Periods of stress are a normal part of our busy lifestyles. After all, juggling work, family, financial, social and personal commitments isn’t always a breeze.

But have you ever wondered how this stress may manifest in the body?

You may have heard of the ‘fight or flight’ response. It triggers the body to enter survival mode when we encounter stressful, potentially life-threatening situations.

Unfortunately, our bodies might not always distinguish dangerous situations from normal day-to-day stress and may activate ‘flight or fight’ unnecessarily.

This response happens very quickly. In fact, its so quick that we’re often unaware of the changes that are happening inside our body in response to stress.

One of the physical manifestations of a prolonged ‘flight or fight’ response may be inflammation. Ordinarily, inflammation is a normal part of the body’s healing process and is one part of the immune system’s response to cuts and scrapes as well as foreign bugs and germs.

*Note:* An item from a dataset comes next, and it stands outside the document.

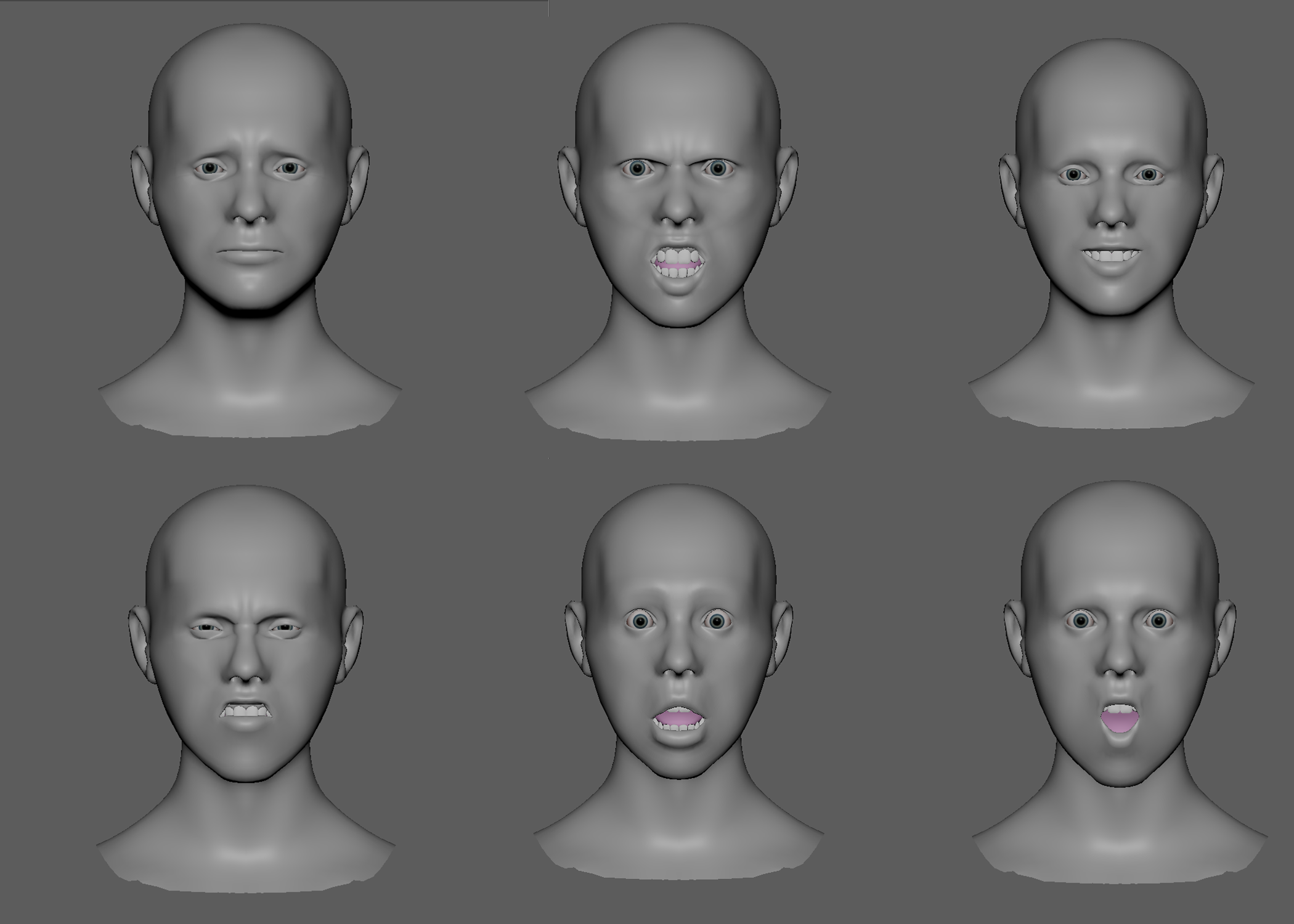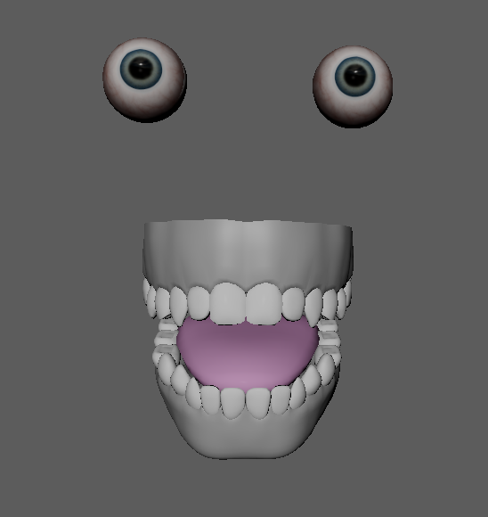 I added some basic mouth meshes I sculpted in ZBrush. Just the presence of teeth is very important to the readability of emotional performance, and the tongue will add extra dynamism to lip sync if I have time to flesh it out that far.
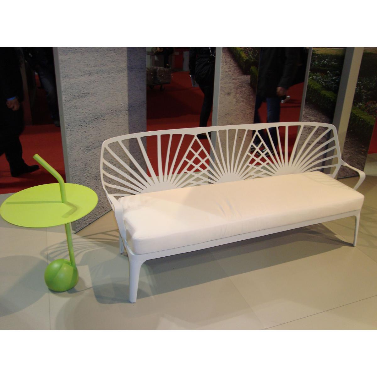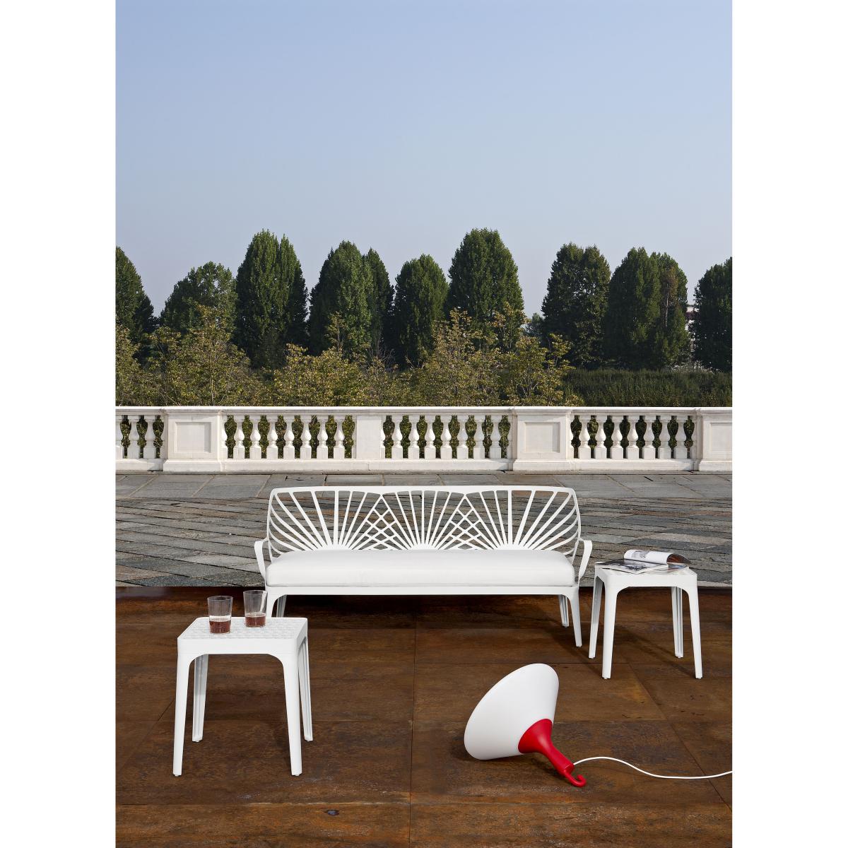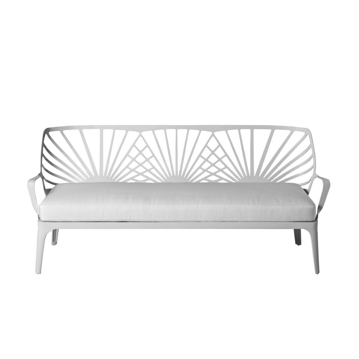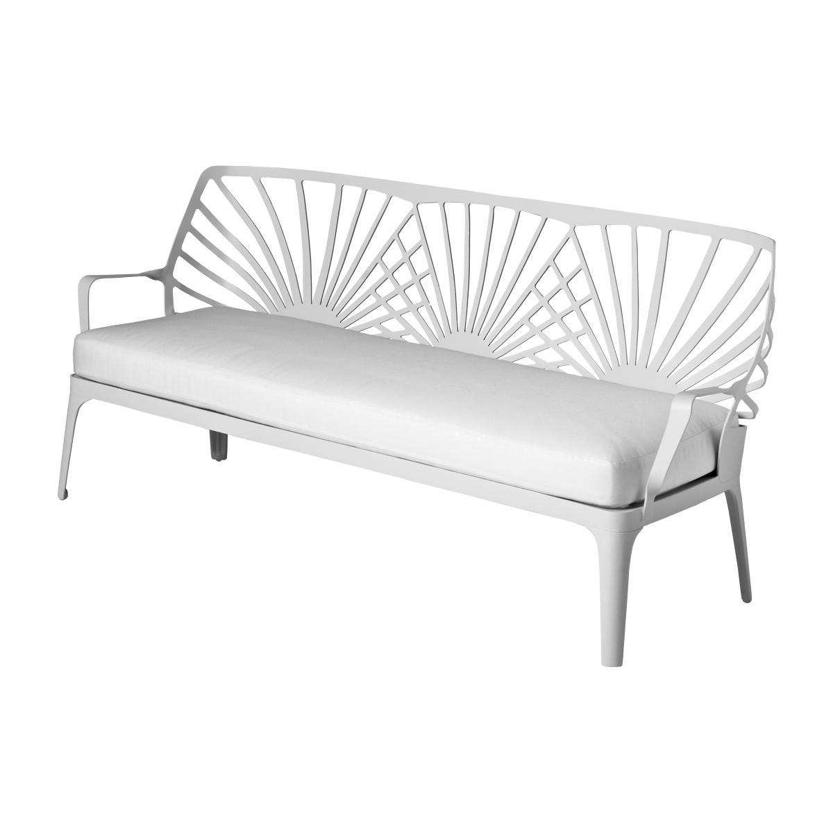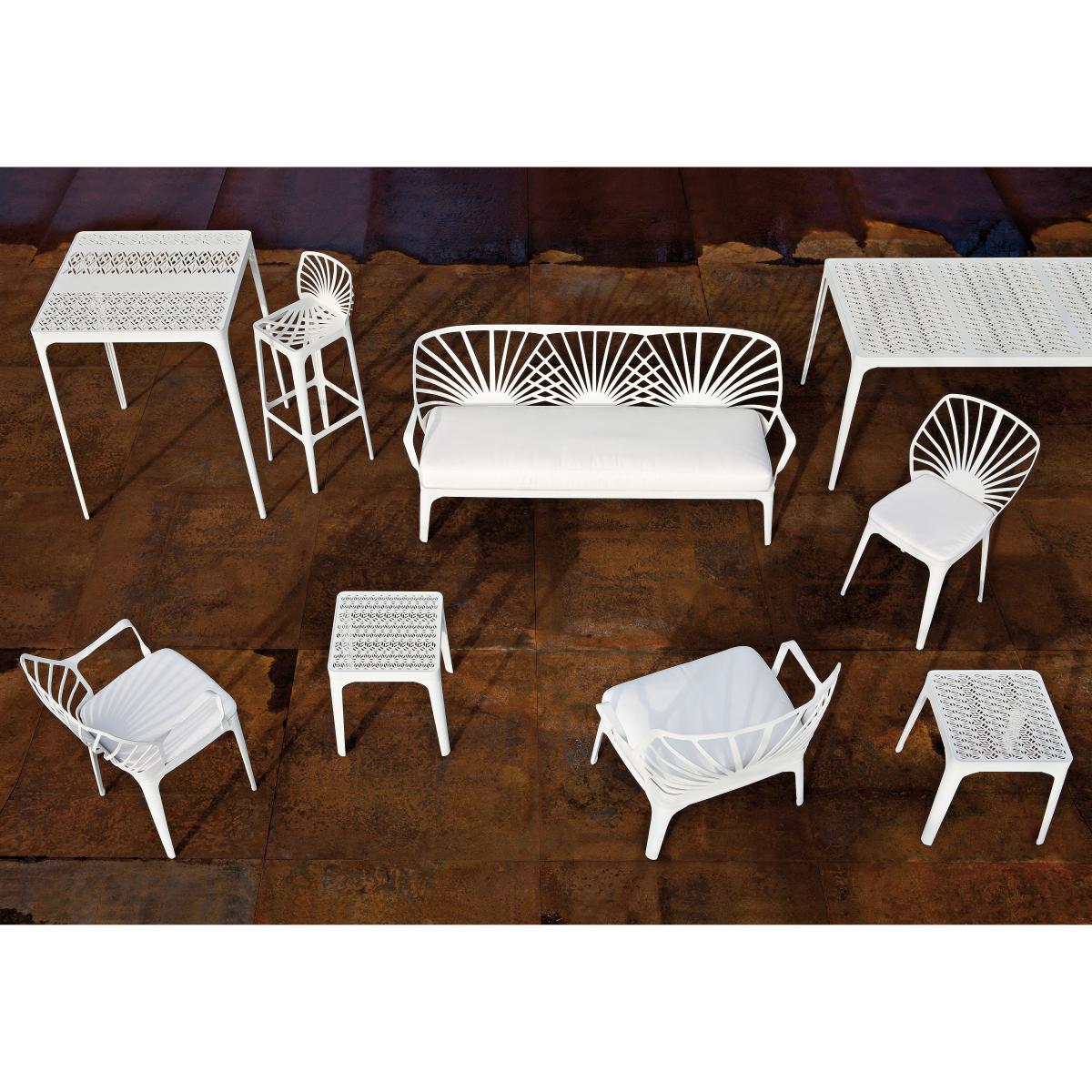 The sunrise outdoor collection by driade is showing references to classical outdoor cast iron furniture and modern use of an abstract symbol of a rising sun for the backrests. The sun is transformed in an ornamental pattern for the grid of the table top. The mix of classical and modern design features gives the collection a timeless look. The aluminium structure has been anodized and coated with white lacquer, which gives maximum outdoor durability. The collection consists of a chair, esay chair, stool, armchair, sofa and tables. White painted aluminum structure, seat and back. Chair, esay chair, armchair and sofa are equipped with a removable quick dry foamed white cushion.

However, when the longer the body remains in ‘flight or fight’ mode, the more damaging inflammation may become. This may lead to inflammatory chemicals starting to attack the body itself.

One example of this is inflammatory joint pain, where the joint tissues are attacked by inflammatory chemicals and may lead to pain, inflammation and swelling (15-22).

Tips That May Help To Relieve Mild Stress

If you have any concerns about your mental health, a suitably qualified health professional will be able to provide tailored advice for how to manage your stress.

You may also find it useful to integrate the following practices into your day-to-day routine:

  • Exercise regularly – Exercise releases ‘feel good’ hormones called endorphins, which may help you to feel less stressed. It’s also been shown that spending time in nature may help to support your mood, so exercising outdoors may also be beneficial during stressful periods. Exercise is also an important part of pain management.
  • Practice meditation and mindfulness – Mindfulness and meditation encourages you to focus on your breathing and keep your mind on the present. Over time, this may help you to stop past or future concerns from occupying your thoughts, settling the mind and reducing stress levels. Try incorporating just a few minutes into your daily routine.
  • Write a to-do list – Organising your priorities may help to reduce stress if you feel overwhelmed by the number of tasks you have to do. Writing a to-do list helps to clear your mind and visualise what you need to achieve, so you may tackle one thing at a time.
  • Take some time out – Allowing yourself the time to pause and rest the mind is important. If you feel yourself getting stressed, stopping to take some deep breaths may relax your body and calm your mind.
  • Get enough sleep – Getting enough sleep every night may reduce feelings of stress the next day. Conversely, inadequate sleep may less able to concentrate and consequently more stressed by the tasks at hand. Learn more about sleeping with mild pain.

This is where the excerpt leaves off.